■ Data records ■
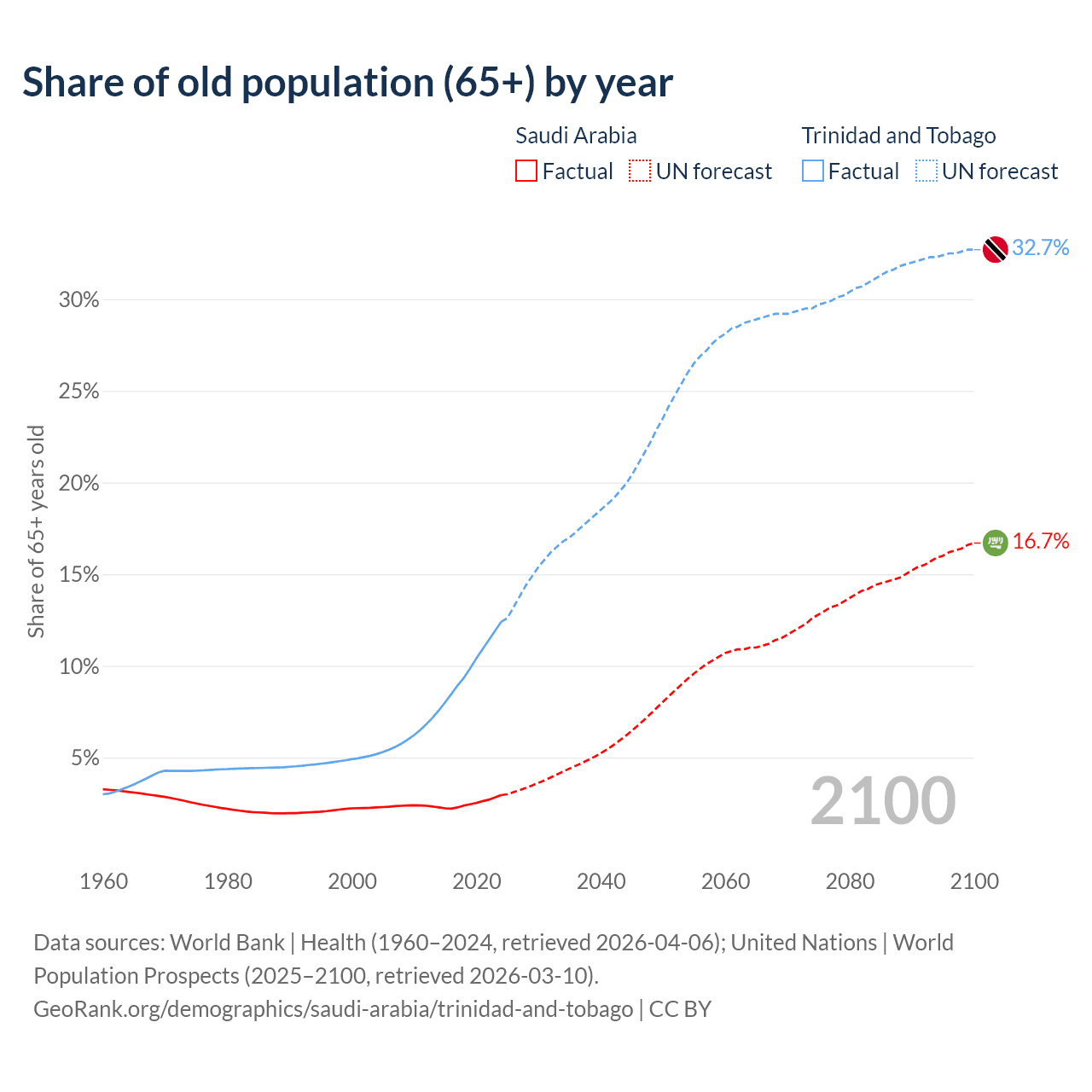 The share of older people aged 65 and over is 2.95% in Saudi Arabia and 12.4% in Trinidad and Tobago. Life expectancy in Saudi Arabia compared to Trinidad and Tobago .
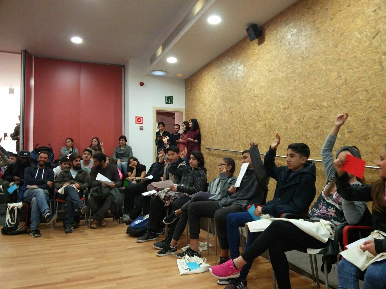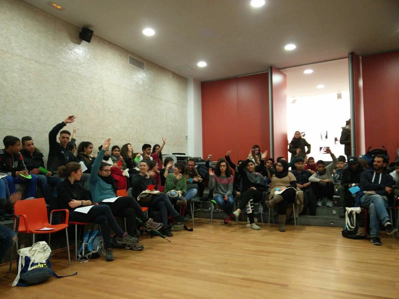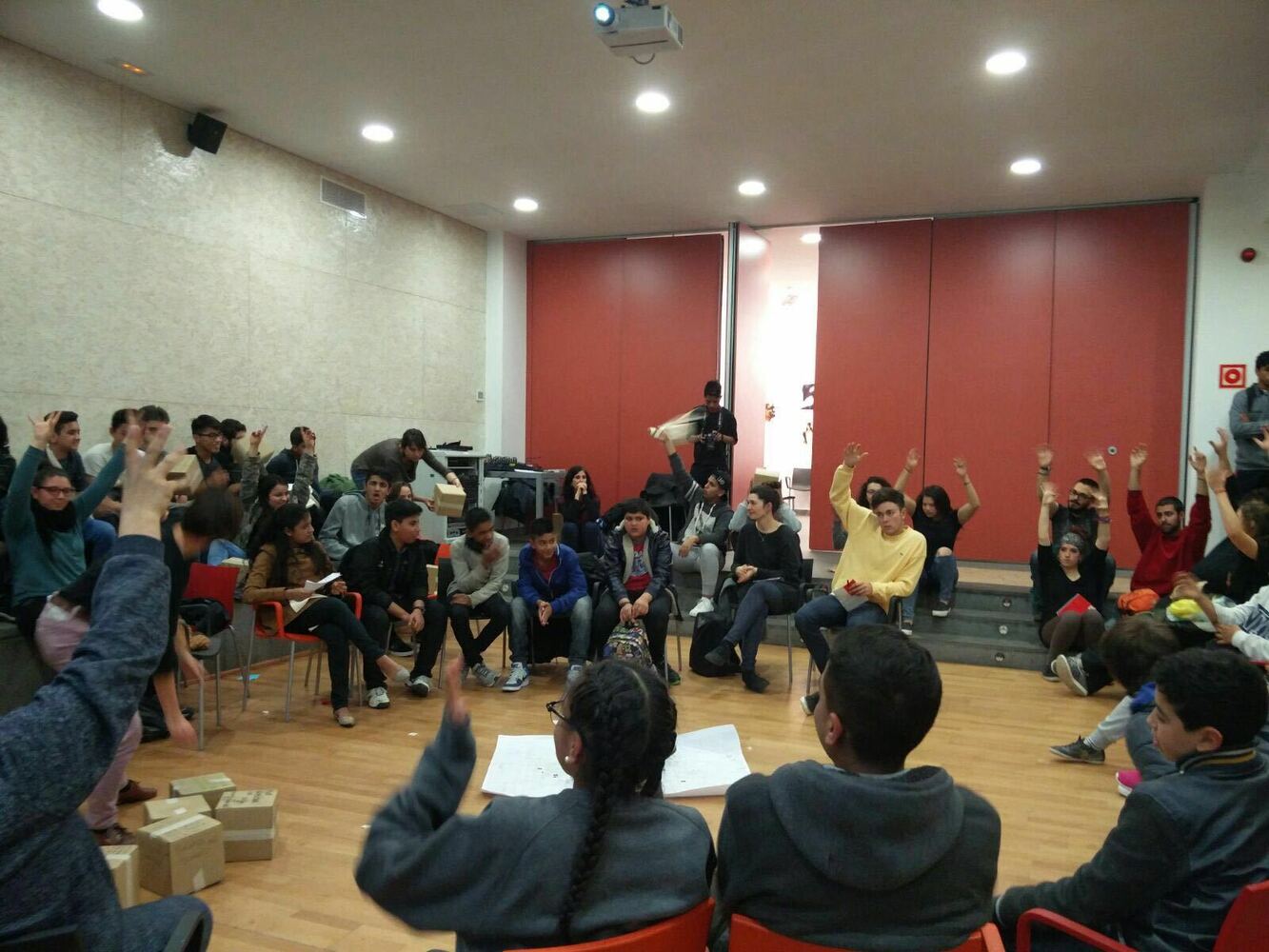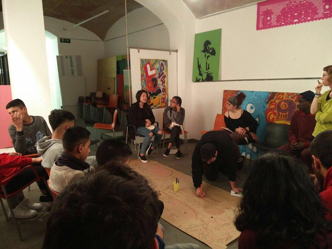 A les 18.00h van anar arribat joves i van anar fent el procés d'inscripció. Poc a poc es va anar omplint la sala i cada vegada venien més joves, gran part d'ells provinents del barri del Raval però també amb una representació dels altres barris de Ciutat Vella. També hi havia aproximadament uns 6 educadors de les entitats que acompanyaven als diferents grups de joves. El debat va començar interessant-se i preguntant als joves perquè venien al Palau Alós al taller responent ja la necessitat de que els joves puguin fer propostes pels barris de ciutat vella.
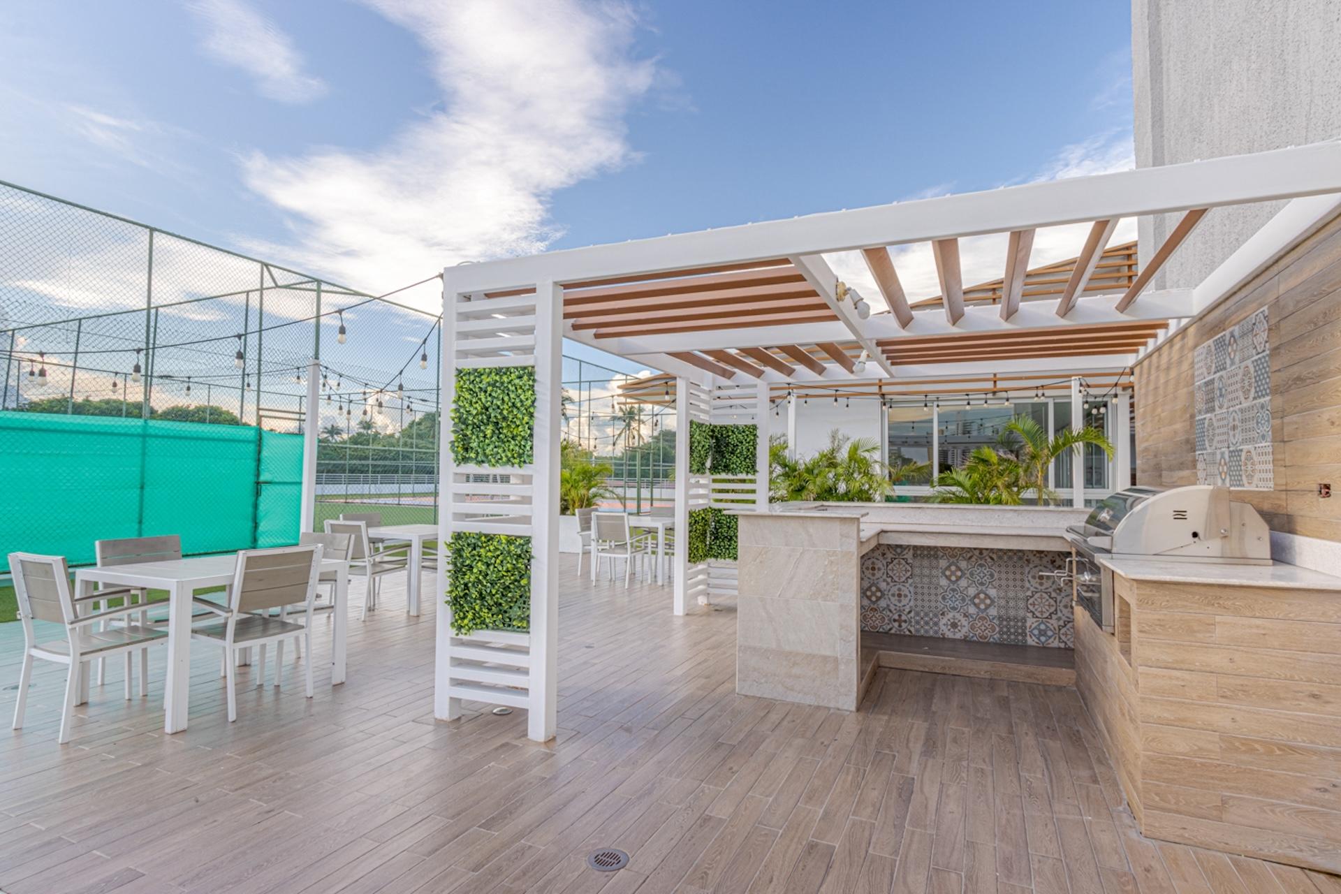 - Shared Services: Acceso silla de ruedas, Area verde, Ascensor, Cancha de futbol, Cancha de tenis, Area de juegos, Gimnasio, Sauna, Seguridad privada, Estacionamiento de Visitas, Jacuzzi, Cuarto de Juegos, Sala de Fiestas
...
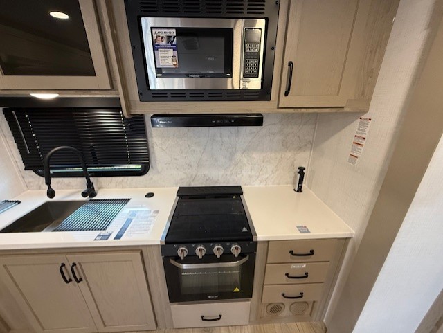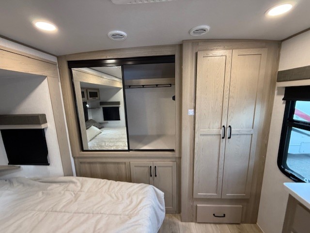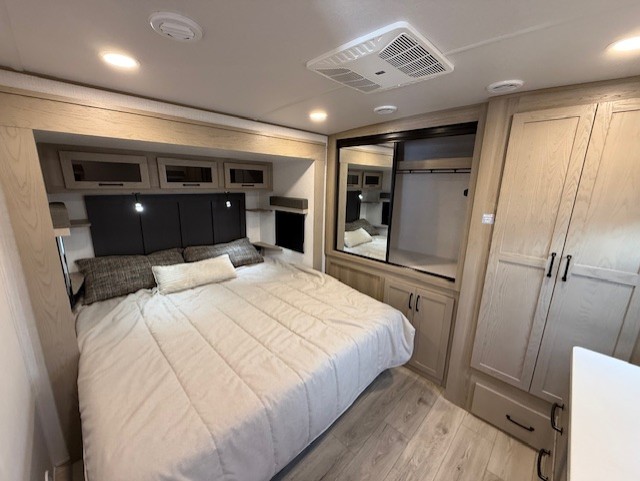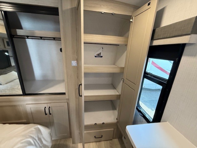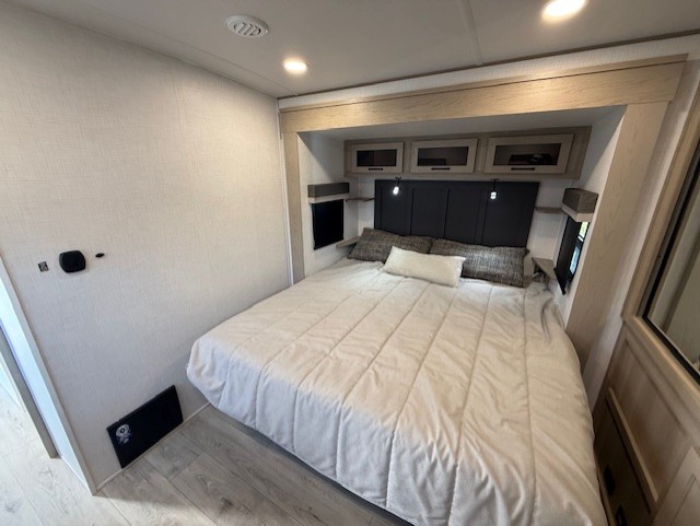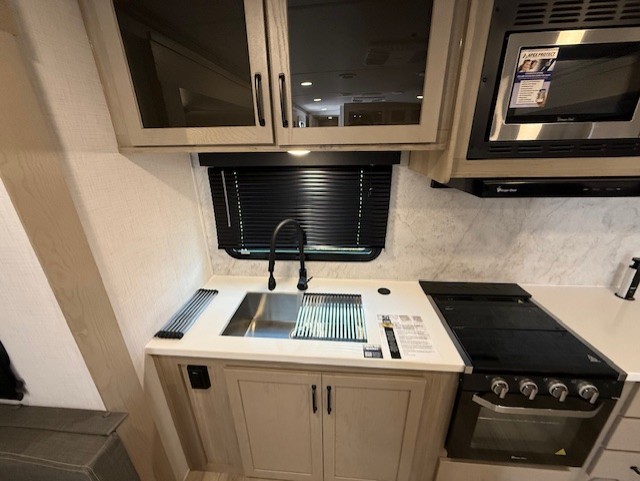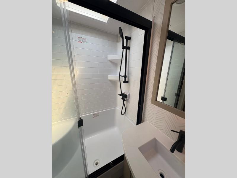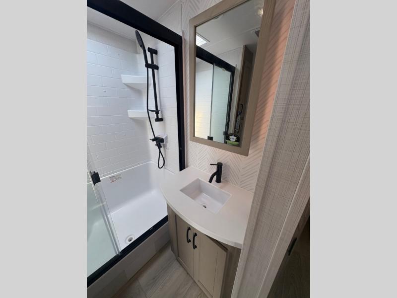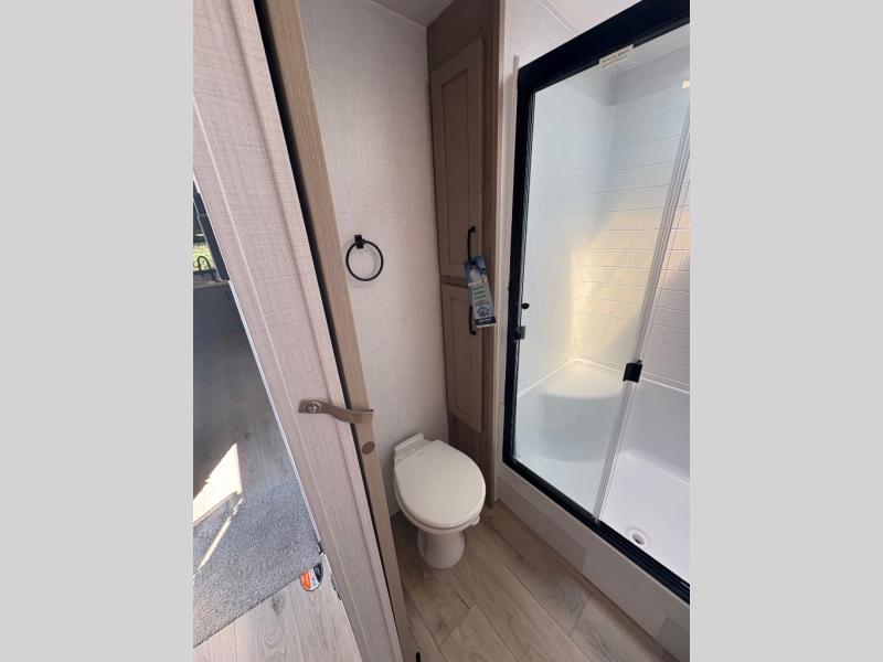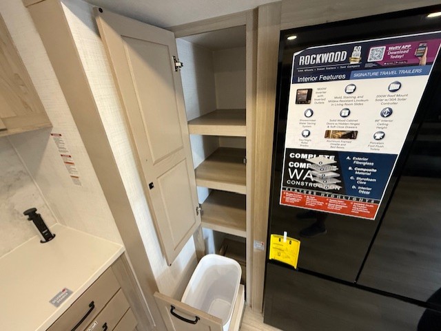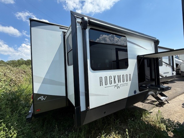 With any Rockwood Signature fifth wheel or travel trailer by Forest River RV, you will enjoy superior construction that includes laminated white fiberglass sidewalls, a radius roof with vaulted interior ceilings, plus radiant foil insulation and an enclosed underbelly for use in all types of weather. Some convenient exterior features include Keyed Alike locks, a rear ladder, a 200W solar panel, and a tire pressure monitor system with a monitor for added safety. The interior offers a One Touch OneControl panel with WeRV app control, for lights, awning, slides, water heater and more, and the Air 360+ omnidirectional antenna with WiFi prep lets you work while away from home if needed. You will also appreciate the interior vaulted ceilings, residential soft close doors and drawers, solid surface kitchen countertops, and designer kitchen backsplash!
* * *
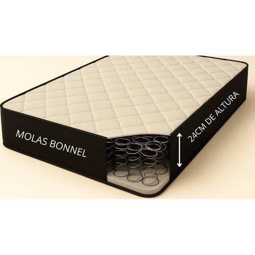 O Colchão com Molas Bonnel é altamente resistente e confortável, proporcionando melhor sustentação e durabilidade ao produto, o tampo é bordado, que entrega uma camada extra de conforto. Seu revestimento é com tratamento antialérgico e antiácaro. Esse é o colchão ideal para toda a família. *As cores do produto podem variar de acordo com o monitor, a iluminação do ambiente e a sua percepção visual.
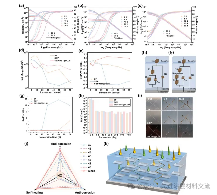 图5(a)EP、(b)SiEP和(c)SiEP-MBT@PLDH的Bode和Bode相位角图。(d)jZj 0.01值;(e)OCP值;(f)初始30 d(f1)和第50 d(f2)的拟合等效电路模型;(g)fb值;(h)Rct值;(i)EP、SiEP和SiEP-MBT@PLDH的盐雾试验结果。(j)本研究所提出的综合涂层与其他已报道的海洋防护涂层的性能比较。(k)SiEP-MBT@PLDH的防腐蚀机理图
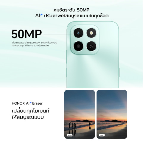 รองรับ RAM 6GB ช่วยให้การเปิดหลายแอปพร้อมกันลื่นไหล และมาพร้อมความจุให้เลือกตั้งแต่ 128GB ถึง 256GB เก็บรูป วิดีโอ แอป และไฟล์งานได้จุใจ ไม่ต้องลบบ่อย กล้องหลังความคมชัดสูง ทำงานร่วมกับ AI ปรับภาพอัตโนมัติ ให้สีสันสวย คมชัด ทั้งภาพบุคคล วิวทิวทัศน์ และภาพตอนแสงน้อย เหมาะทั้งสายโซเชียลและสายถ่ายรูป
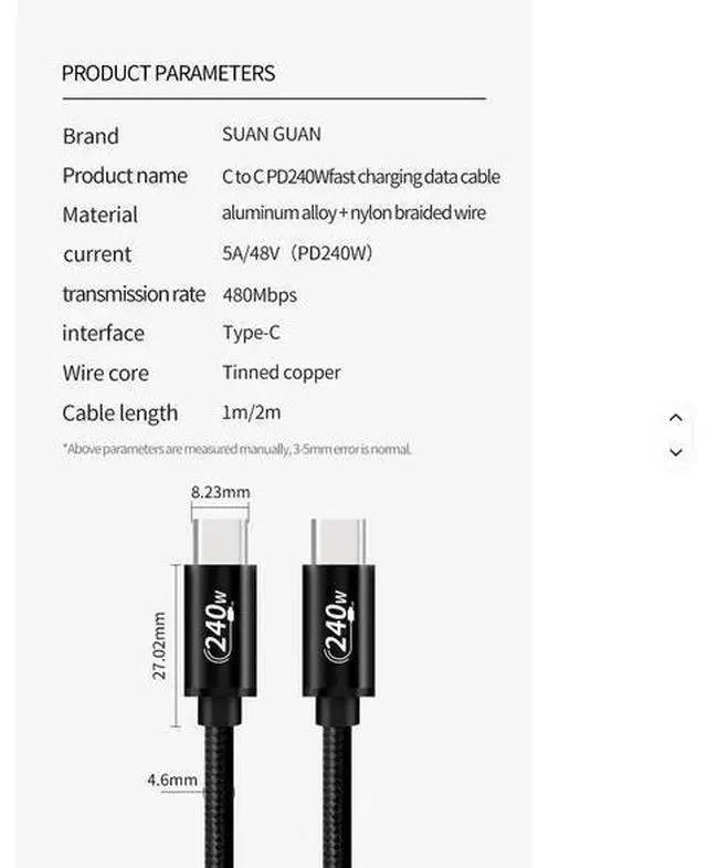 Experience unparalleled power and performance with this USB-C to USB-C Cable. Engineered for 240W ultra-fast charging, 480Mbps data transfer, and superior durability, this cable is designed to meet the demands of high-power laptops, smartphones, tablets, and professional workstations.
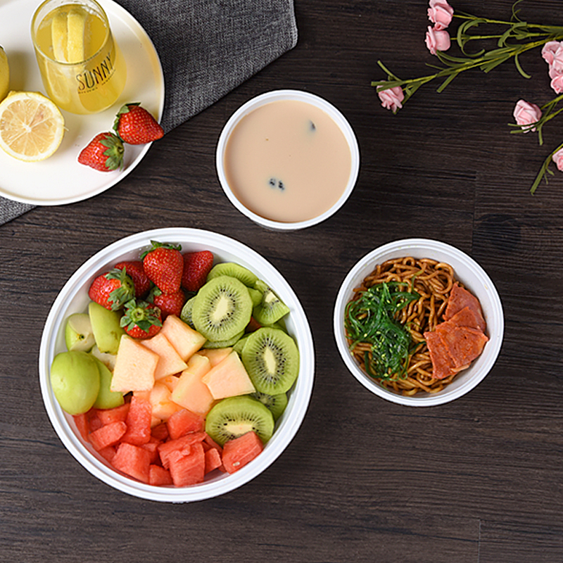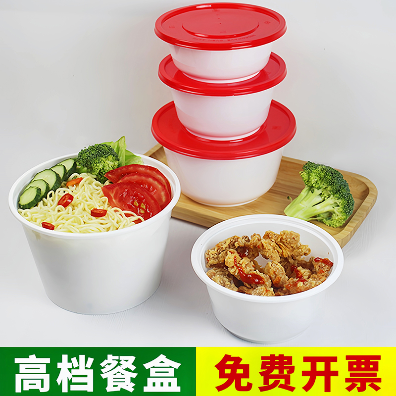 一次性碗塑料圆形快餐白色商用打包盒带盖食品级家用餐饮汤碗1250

■ Task objective ■
Between and including the line with "รองรับ RAM 6GB" and the line with "一次性碗塑料圆形快餐白色商用打包盒带盖食品级家用餐饮汤碗1250", repeat every line exactly as it appears above, with pictures left out.

■ Output of the exercise ■
 รองรับ RAM 6GB ช่วยให้การเปิดหลายแอปพร้อมกันลื่นไหล และมาพร้อมความจุให้เลือกตั้งแต่ 128GB ถึง 256GB เก็บรูป วิดีโอ แอป และไฟล์งานได้จุใจ ไม่ต้องลบบ่อย กล้องหลังความคมชัดสูง ทำงานร่วมกับ AI ปรับภาพอัตโนมัติ ให้สีสันสวย คมชัด ทั้งภาพบุคคล วิวทิวทัศน์ และภาพตอนแสงน้อย เหมาะทั้งสายโซเชียลและสายถ่ายรูป
 Experience unparalleled power and performance with this USB-C to USB-C Cable. Engineered for 240W ultra-fast charging, 480Mbps data transfer, and superior durability, this cable is designed to meet the demands of high-power laptops, smartphones, tablets, and professional workstations.
 一次性碗塑料圆形快餐白色商用打包盒带盖食品级家用餐饮汤碗1250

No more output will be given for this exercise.